> [THE INPUT]:
*** Block opens ***

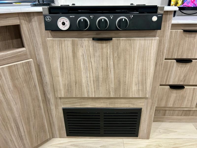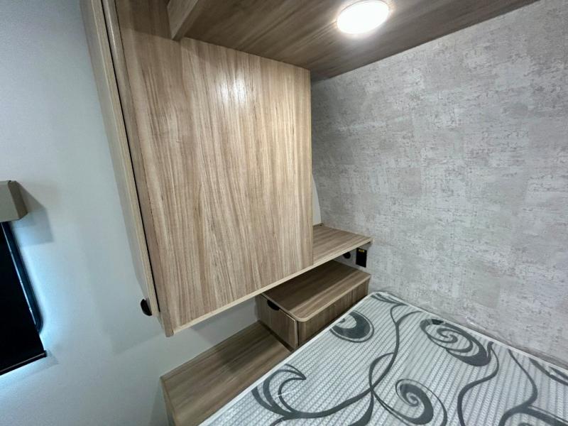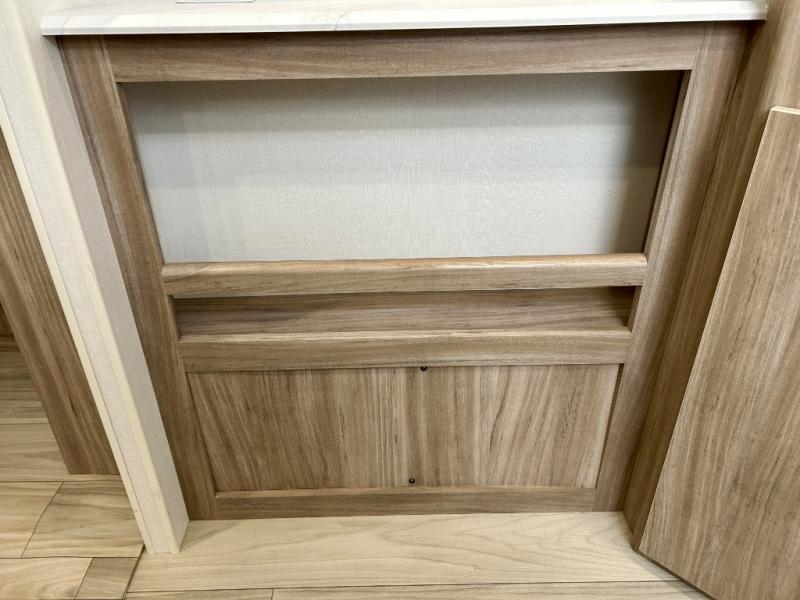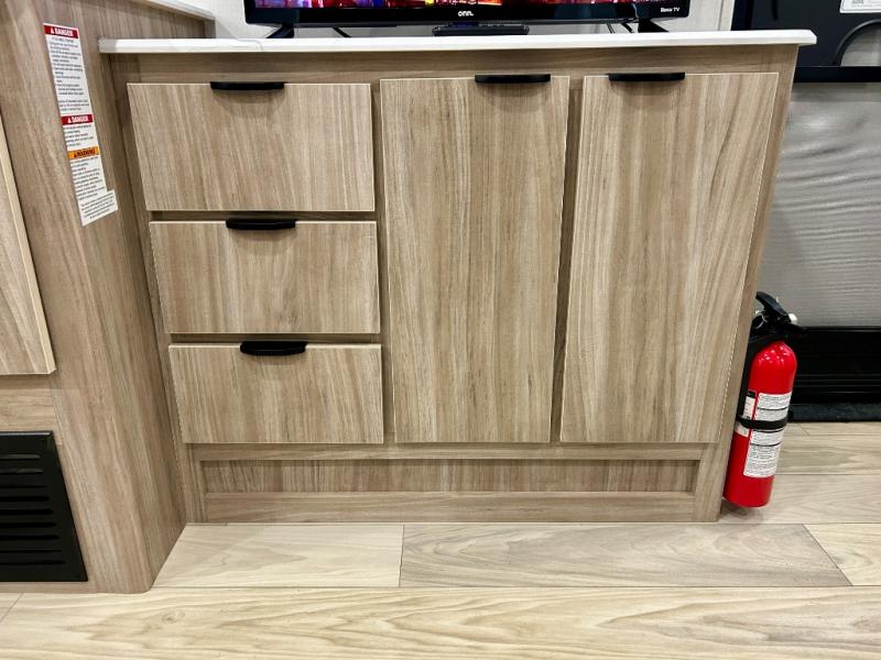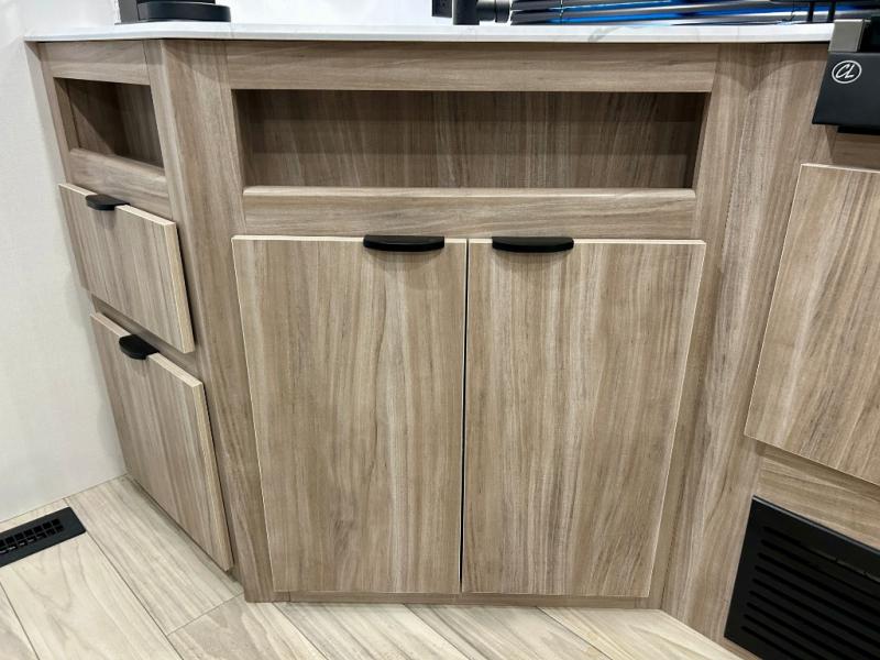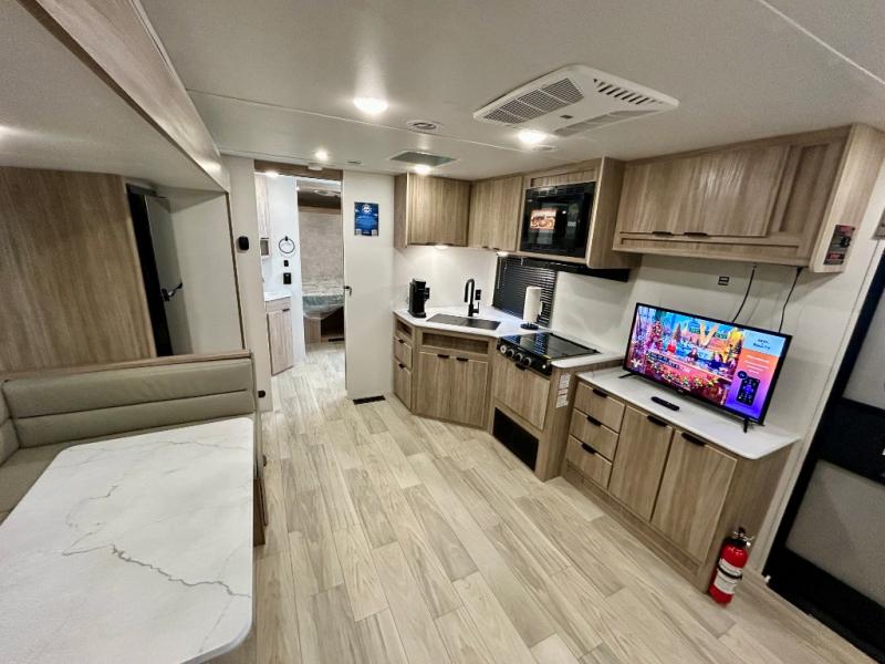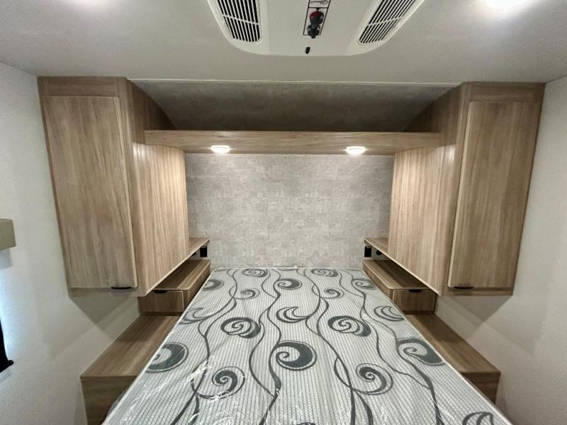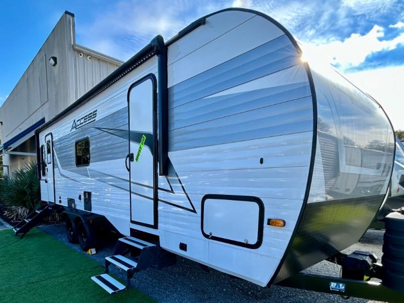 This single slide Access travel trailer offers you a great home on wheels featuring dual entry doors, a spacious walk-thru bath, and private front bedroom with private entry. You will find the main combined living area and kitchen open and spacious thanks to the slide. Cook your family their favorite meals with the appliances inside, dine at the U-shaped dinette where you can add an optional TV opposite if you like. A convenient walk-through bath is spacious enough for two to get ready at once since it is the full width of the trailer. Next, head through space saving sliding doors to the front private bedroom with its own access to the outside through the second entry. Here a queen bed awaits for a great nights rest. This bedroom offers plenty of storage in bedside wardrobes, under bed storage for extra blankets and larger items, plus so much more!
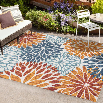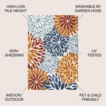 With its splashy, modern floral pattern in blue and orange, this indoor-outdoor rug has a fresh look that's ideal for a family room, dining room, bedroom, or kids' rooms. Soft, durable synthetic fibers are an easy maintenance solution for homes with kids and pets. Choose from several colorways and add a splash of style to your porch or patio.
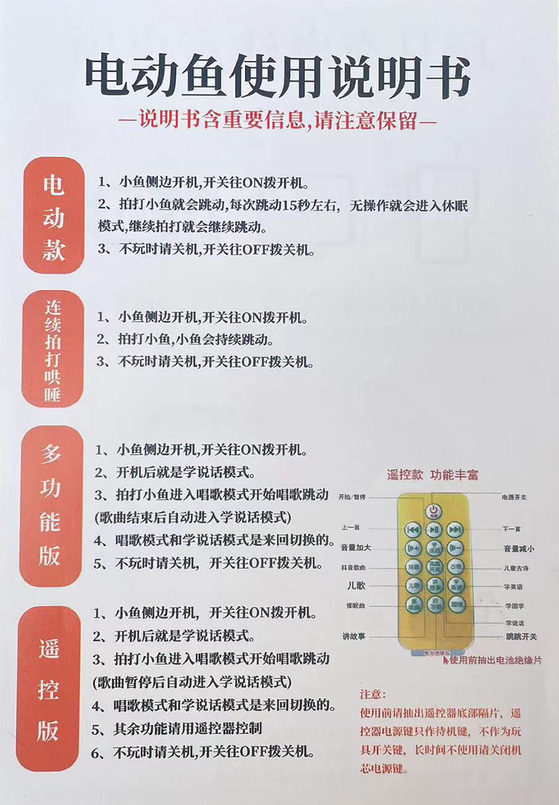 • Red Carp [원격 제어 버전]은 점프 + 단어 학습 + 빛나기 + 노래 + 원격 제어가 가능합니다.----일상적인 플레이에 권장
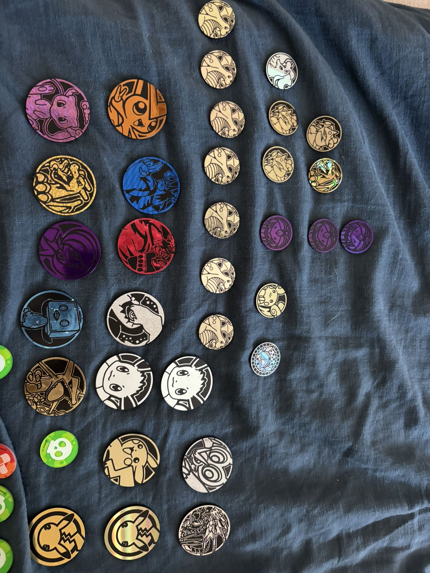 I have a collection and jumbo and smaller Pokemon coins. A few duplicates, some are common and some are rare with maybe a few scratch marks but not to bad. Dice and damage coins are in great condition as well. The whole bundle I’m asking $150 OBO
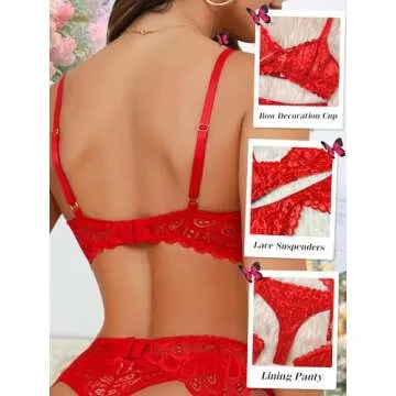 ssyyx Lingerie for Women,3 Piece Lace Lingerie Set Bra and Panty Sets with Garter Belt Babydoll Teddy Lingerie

*** Block closes ***

> [WHAT YOU HAVE TO DO]: The expected output is every entry above, character for character, with no pictures.

> [SOLUTION TO THIS TASK]:
 This single slide Access travel trailer offers you a great home on wheels featuring dual entry doors, a spacious walk-thru bath, and private front bedroom with private entry. You will find the main combined living area and kitchen open and spacious thanks to the slide. Cook your family their favorite meals with the appliances inside, dine at the U-shaped dinette where you can add an optional TV opposite if you like. A convenient walk-through bath is spacious enough for two to get ready at once since it is the full width of the trailer. Next, head through space saving sliding doors to the front private bedroom with its own access to the outside through the second entry. Here a queen bed awaits for a great nights rest. This bedroom offers plenty of storage in bedside wardrobes, under bed storage for extra blankets and larger items, plus so much more!
 With its splashy, modern floral pattern in blue and orange, this indoor-outdoor rug has a fresh look that's ideal for a family room, dining room, bedroom, or kids' rooms. Soft, durable synthetic fibers are an easy maintenance solution for homes with kids and pets. Choose from several colorways and add a splash of style to your porch or patio.
 • Red Carp [원격 제어 버전]은 점프 + 단어 학습 + 빛나기 + 노래 + 원격 제어가 가능합니다.----일상적인 플레이에 권장
 I have a collection and jumbo and smaller Pokemon coins. A few duplicates, some are common and some are rare with maybe a few scratch marks but not to bad. Dice and damage coins are in great condition as well. The whole bundle I’m asking $150 OBO
 ssyyx Lingerie for Women,3 Piece Lace Lingerie Set Bra and Panty Sets with Garter Belt Babydoll Teddy Lingerie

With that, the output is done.